Education and Prevention of Concussions in High School Athletes

Following up yesterday’s post on the increase in concussions seen at hospital emergency rooms, new initiatives to educate the high school sports community about concussions have been adopted. Beginning in the fall of 2010, all Rhode Island high school coaches — head coaches, assistants and volunteers — must take a free 20-minute online course on the signs, symptoms and proper treatment of concussions available on the National Federation of State High School Associations (“NFHS”) website according to a report in the Providence Journal

Following recently passed legislation in Rhode Island — the School & Youth Programs Concussion Act Title 16-90-1 — coaches must hold a preseason meeting with athletes and their parents to discuss the symptoms and risks of concussions and traumatic brain injury. All players and parents must then sign a form acknowledging that they have been given this information. This season, any athlete who suffers a head injury in a practice or a game must be removed from competition. He or she may not return to play until they are evaluated by and receive written clearance from a licensed physician.

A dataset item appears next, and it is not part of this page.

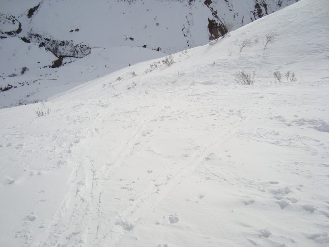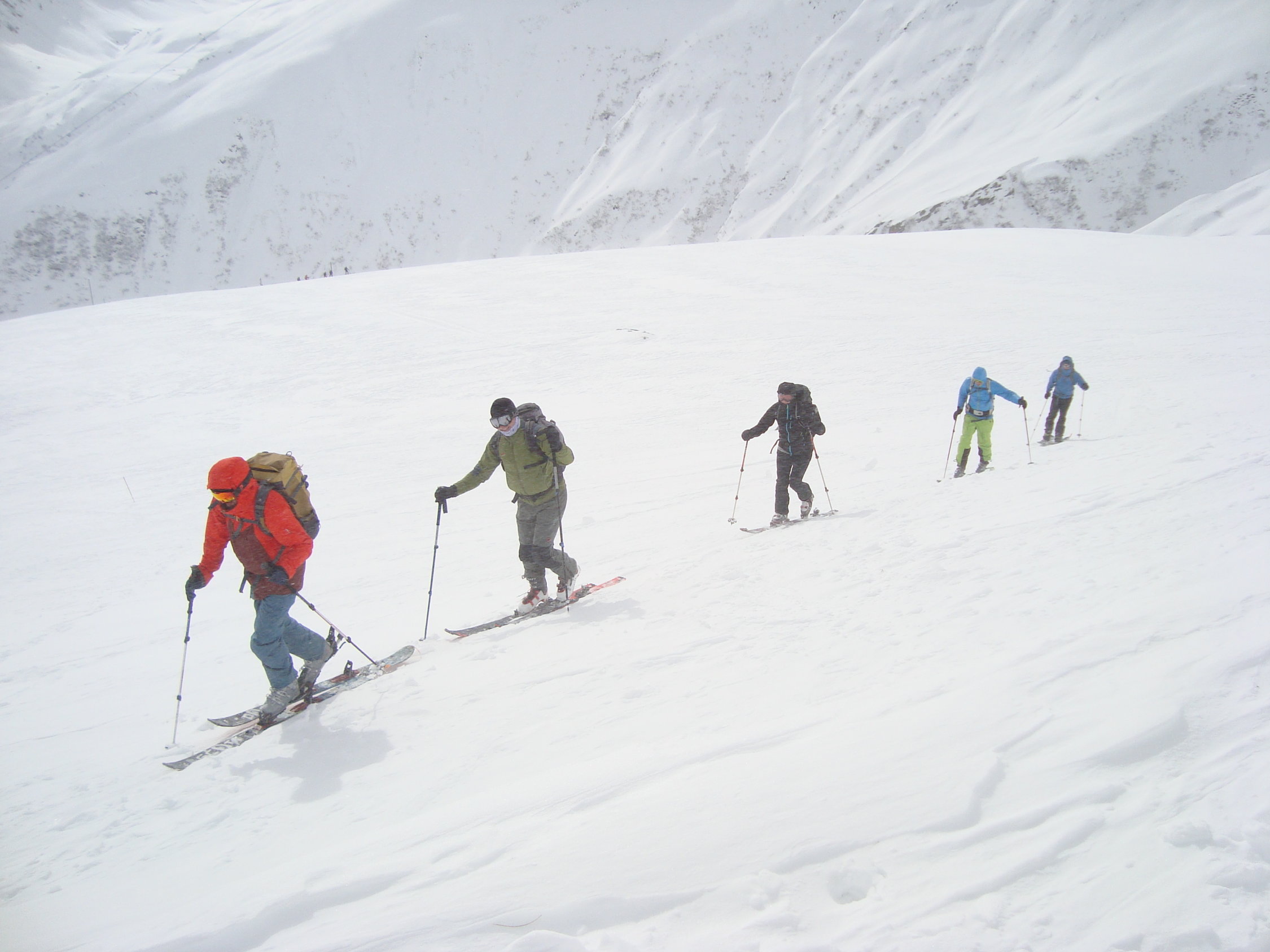 Aufstieg durch die Staudenhänge auf hartkrustigen und abgewehten Untergrund. Der obere Teil des Staudenhanges war dann bis zum Sommer-PP Tätsch, mit dem oben beschriebenen Untergrund und vielen Triebschneelinsen versehen.

According to the National Federation of State High School Associations Sports Medicine Handbook, a concussion is a brain injury that occurs when a sudden blow to the head or to the body causes the brain to shake inside the skull. Common symptoms, which vary from person to person and may last for hours, days, weeks or even months, include:

  • nausea,
  • dizziness,
  • ringing in the ears,
  • prolonged or recurring headaches,
  • fatigue,
  • weakness or numbness,
  • as well as difficulty seeing,
  • concentrating or
  • remembering things.

Once someone suffers a concussion, he or she is at an increased risk for further concussions. Although most concussions are mild, it is possible for a concussion that is not managed properly to lead to prolonged brain damage and even death. It is hoped that this educational program and information will lead to a reduction in the numbers of young athletes taken to the emergency rooms for treatment of traumatic brain injury and multiple concussions.